┏━━

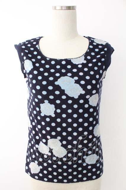 INGEBORG / パイル地カメリアドット半袖トップス ネイビーX白 T-25-11-28-011-LO-TO-SA-ZT237
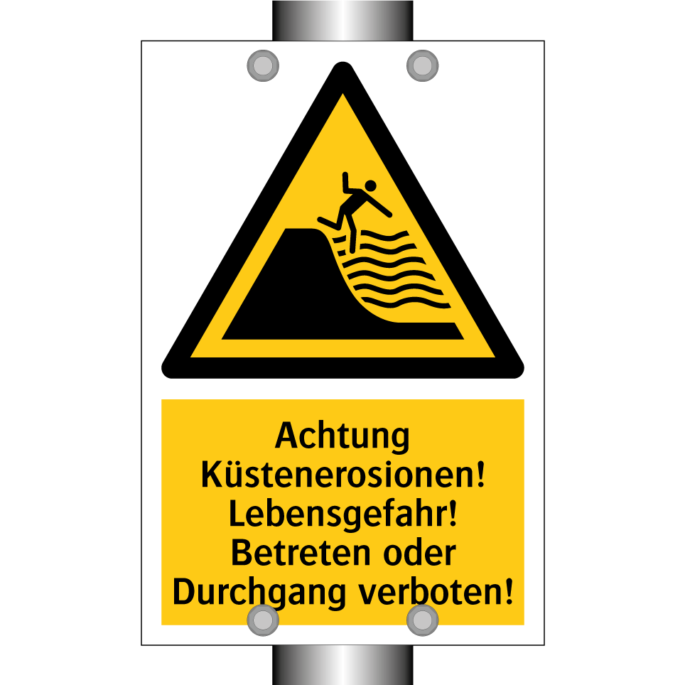 Diese auffällige Warnschild mit gelbem Hintergrund und schwarzer Schrift ist ideal, um auf die Gefahren von Küstenerosionen hinzuweisen. Sie eignet sich perfekt für den Einsatz in Küstengebieten, an Klippen oder in der Nähe von Stränden, wo die Gefahr von Erdrutschen oder instabilem Gelände besteht. Die klare Symbolik und der prägnante Text machen sie unverzichtbar für die Sicherheit von Besuchern und Passanten. Platzieren Sie diese Warnschilder an gut sichtbaren Stellen, um sicherzustellen, dass die Botschaft effektiv vermittelt wird und das Betreten gefährlicher Bereiche vermieden wird. Ideal für Gemeinden, Naturschutzgebiete und private Grundstücke in gefährdeten Regionen.
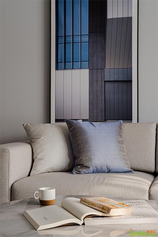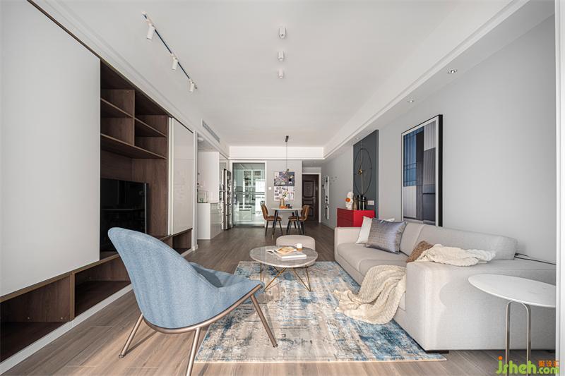 在家庭活动厅中将电视影藏在书柜内,不以电视为主体,形成亲子互动区或阅读空间,使区域功能更为的多元化。色彩上采用灰色,蓝灰色,白色做搭配,点缀红色,使空间层次更丰富。
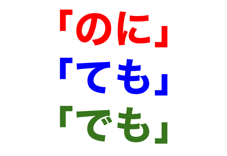 Today we introduce proper usage of のに and ても/でも, which link two contrary clauses. Xのに、Y expresses that unexpected result Y happens after fact X. It is used when the speaker is surprised, critical, regretful or dissatisfied about a result. When the speaker does not have these feelings, Xけど/が、Y is appropriate, as in ネットで調(しら)べてみたけど/が、よくわからなかった (I looked it up on the net but didn't quite get it.) X is usually a present fact or something that has already happened, using a verb or i-adjective in plain form. When X is a na-adjective or a noun in non-past affirmative form, なのに is used. Examples: 彼(かれ)は元気(げんき)なのに、働(はたら)こうとしない (He won't work even though he's healthy). Intentional expressions such as requests (verb in te-form +ください) or wants (verb in pre-masu-form + たいです) cannot be Y.
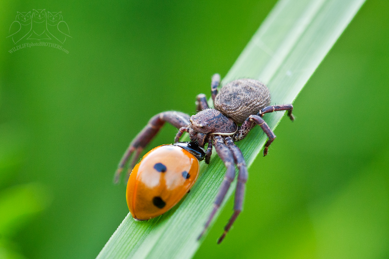 Svetelné a veterné podmienky boli na fotenie dosť zlé. Preto som dal nižšie clonové číslo a vysoké iso. Aj keď by sa žiadala vyššia hĺbka ostrosti, čas bol aj tak pomerne dlhý. No napriek nižšej TK sa mi páčil ten kontrast medzi lienkou a pavúkom.
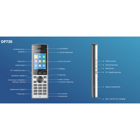Grandstream DP730 je bezdrátová DECT ručka, která v kombinaci s DECT základnou stejného výrobce, byla navržena pro každodenní užívání ve firemním segmentu, především ve skladových, maloobchodních prostorách, dohledových centrech, zdravotnických zařízeních, či sdílených kancelářích. Své místo si může najít i u náročných uživatelů v domácnosti.
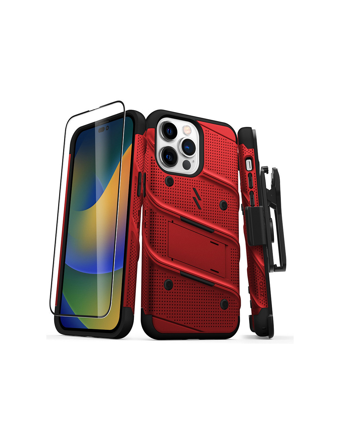 Etui Pancerne Do iPhone 14 Pro Max Ze Szkłem 9H Na Ekran + Uchwyt Z Podstawką Zizo Bolt Series Czerwony
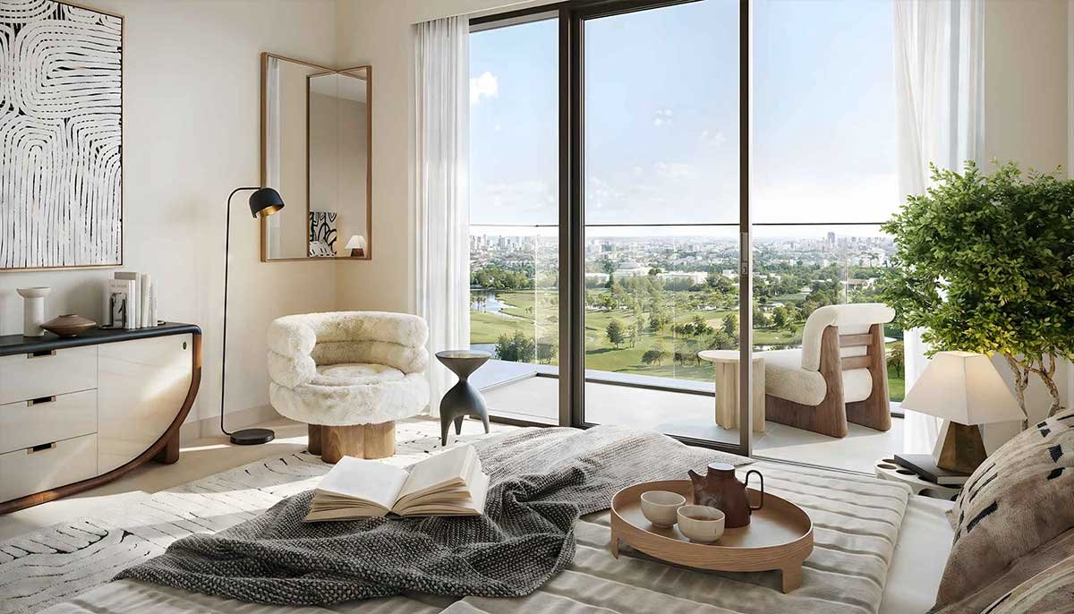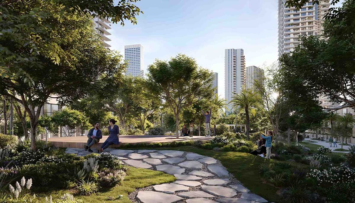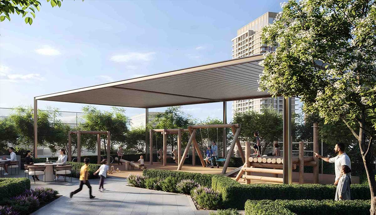 The residential development offers 1–3 bedroom apartments and 3-bedroom park-facing townhouses. Real estate prices start from AED 1.81M (USD 493K). The developer offers an 80/20 payment plan.
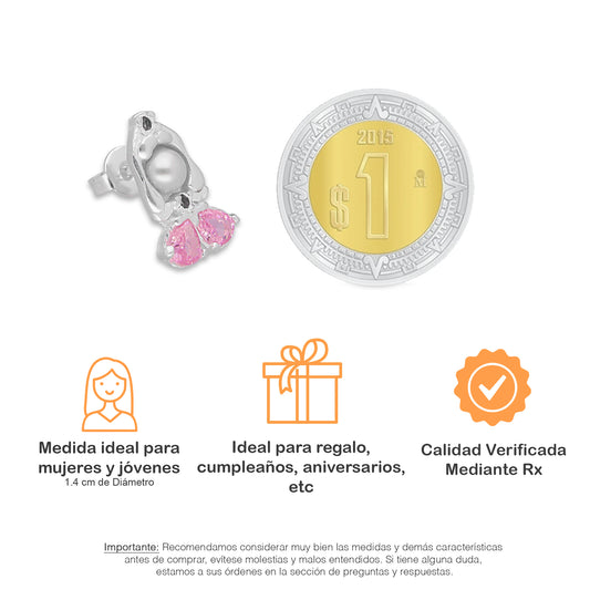 LPAP148 Arete Broquel Princess Mod 5 Au Rosa en Plata .925 Taxco 4685663486

┗━━

> **WHAT THE TASK ASKS**
Every entry in the listing is to be duplicated precisely, except for its pictures.

> **EXPECTED ANSWER**
 INGEBORG / パイル地カメリアドット半袖トップス ネイビーX白 T-25-11-28-011-LO-TO-SA-ZT237
 Diese auffällige Warnschild mit gelbem Hintergrund und schwarzer Schrift ist ideal, um auf die Gefahren von Küstenerosionen hinzuweisen. Sie eignet sich perfekt für den Einsatz in Küstengebieten, an Klippen oder in der Nähe von Stränden, wo die Gefahr von Erdrutschen oder instabilem Gelände besteht. Die klare Symbolik und der prägnante Text machen sie unverzichtbar für die Sicherheit von Besuchern und Passanten. Platzieren Sie diese Warnschilder an gut sichtbaren Stellen, um sicherzustellen, dass die Botschaft effektiv vermittelt wird und das Betreten gefährlicher Bereiche vermieden wird. Ideal für Gemeinden, Naturschutzgebiete und private Grundstücke in gefährdeten Regionen.
 在家庭活动厅中将电视影藏在书柜内,不以电视为主体,形成亲子互动区或阅读空间,使区域功能更为的多元化。色彩上采用灰色,蓝灰色,白色做搭配,点缀红色,使空间层次更丰富。
 Today we introduce proper usage of のに and ても/でも, which link two contrary clauses. Xのに、Y expresses that unexpected result Y happens after fact X. It is used when the speaker is surprised, critical, regretful or dissatisfied about a result. When the speaker does not have these feelings, Xけど/が、Y is appropriate, as in ネットで調(しら)べてみたけど/が、よくわからなかった (I looked it up on the net but didn't quite get it.) X is usually a present fact or something that has already happened, using a verb or i-adjective in plain form. When X is a na-adjective or a noun in non-past affirmative form, なのに is used. Examples: 彼(かれ)は元気(げんき)なのに、働(はたら)こうとしない (He won't work even though he's healthy). Intentional expressions such as requests (verb in te-form +ください) or wants (verb in pre-masu-form + たいです) cannot be Y.
 Svetelné a veterné podmienky boli na fotenie dosť zlé. Preto som dal nižšie clonové číslo a vysoké iso. Aj keď by sa žiadala vyššia hĺbka ostrosti, čas bol aj tak pomerne dlhý. No napriek nižšej TK sa mi páčil ten kontrast medzi lienkou a pavúkom.
Grandstream DP730 je bezdrátová DECT ručka, která v kombinaci s DECT základnou stejného výrobce, byla navržena pro každodenní užívání ve firemním segmentu, především ve skladových, maloobchodních prostorách, dohledových centrech, zdravotnických zařízeních, či sdílených kancelářích. Své místo si může najít i u náročných uživatelů v domácnosti.
 Etui Pancerne Do iPhone 14 Pro Max Ze Szkłem 9H Na Ekran + Uchwyt Z Podstawką Zizo Bolt Series Czerwony
 The residential development offers 1–3 bedroom apartments and 3-bedroom park-facing townhouses. Real estate prices start from AED 1.81M (USD 493K). The developer offers an 80/20 payment plan.
 LPAP148 Arete Broquel Princess Mod 5 Au Rosa en Plata .925 Taxco 4685663486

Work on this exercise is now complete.